Шашлык татары похвалили, однако ели мало, потому что не были голодны; но отведав присланной рыбы, они почувствовали жажду; им тотчас принесли десять арбузов, которые они разбивали у себя на коленях и руками вытаскивали из них мякоть. Луканос стал угощать гостей вином. Татары, несмотря на то, что исповедывали религию Магомета, плохо соблюдали законы пророка и охотно пили вино. Оно очень понравилось хану, и вообще он рассыпался в любезностях перед Луканосом, называя его своим другом.

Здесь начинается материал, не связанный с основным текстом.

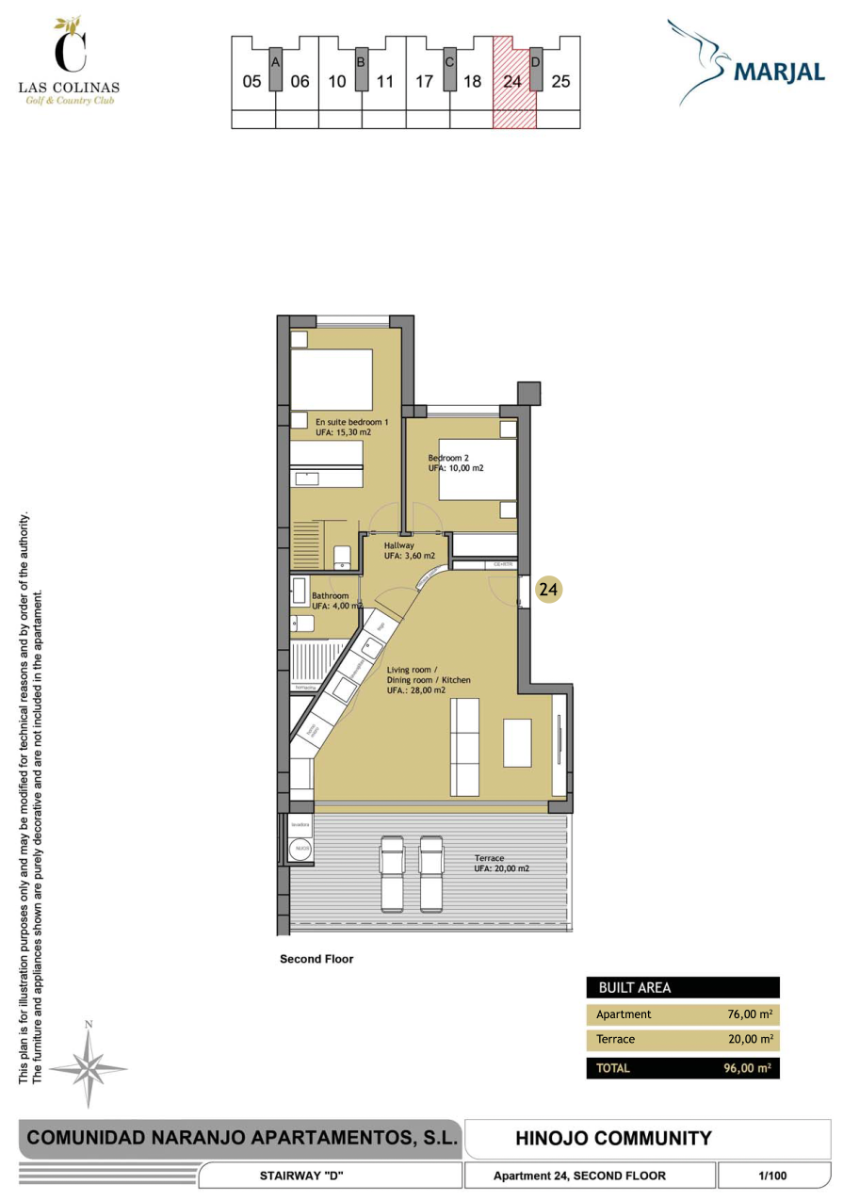 Un appartement moderne de 2 chambres à coucher et 2 salles de bains au deuxième étage, exposé au sud, dans la communauté Hinojo de Las Colinas Golf Resort (Alicante). La communauté Hinojo est située sur l'un des points les plus élevés de Las Colinas Golf Resort, offrant des vues sur la forêt méditerranéenne et les couchers de soleil les plus époustouflants. Les espaces communs de la communauté Hinojo comprennent des jardins magnifiquement aménagés, une grande piscine commune et des espaces de détente entourés de palmiers et de végétation indigène.

— Вот возьми на память от меня! — Говоря это, хан снял с себя серебряный пояс и отдал Луканосу. — Я хотел бы от тебя что-нибудь иметь, — сказал он.
Луканос принялся осматривать свой костюм, но он был одет по-домашнему и впопыхах не переоделся. На его одежде никаких драгоценных украшений не оказалось. Он стал шарить в карманах и отыскал янтарные четки с золотою иконкою, которые получил от Евфимия Васильевича.
— Вот, хан, возьми от меня, а пояс твой я буду всегда носить на себе.
Хан надел четки на шею, а красивая икона ему очень понравилась, он поминутно посматривал, как она лежит у него на груди.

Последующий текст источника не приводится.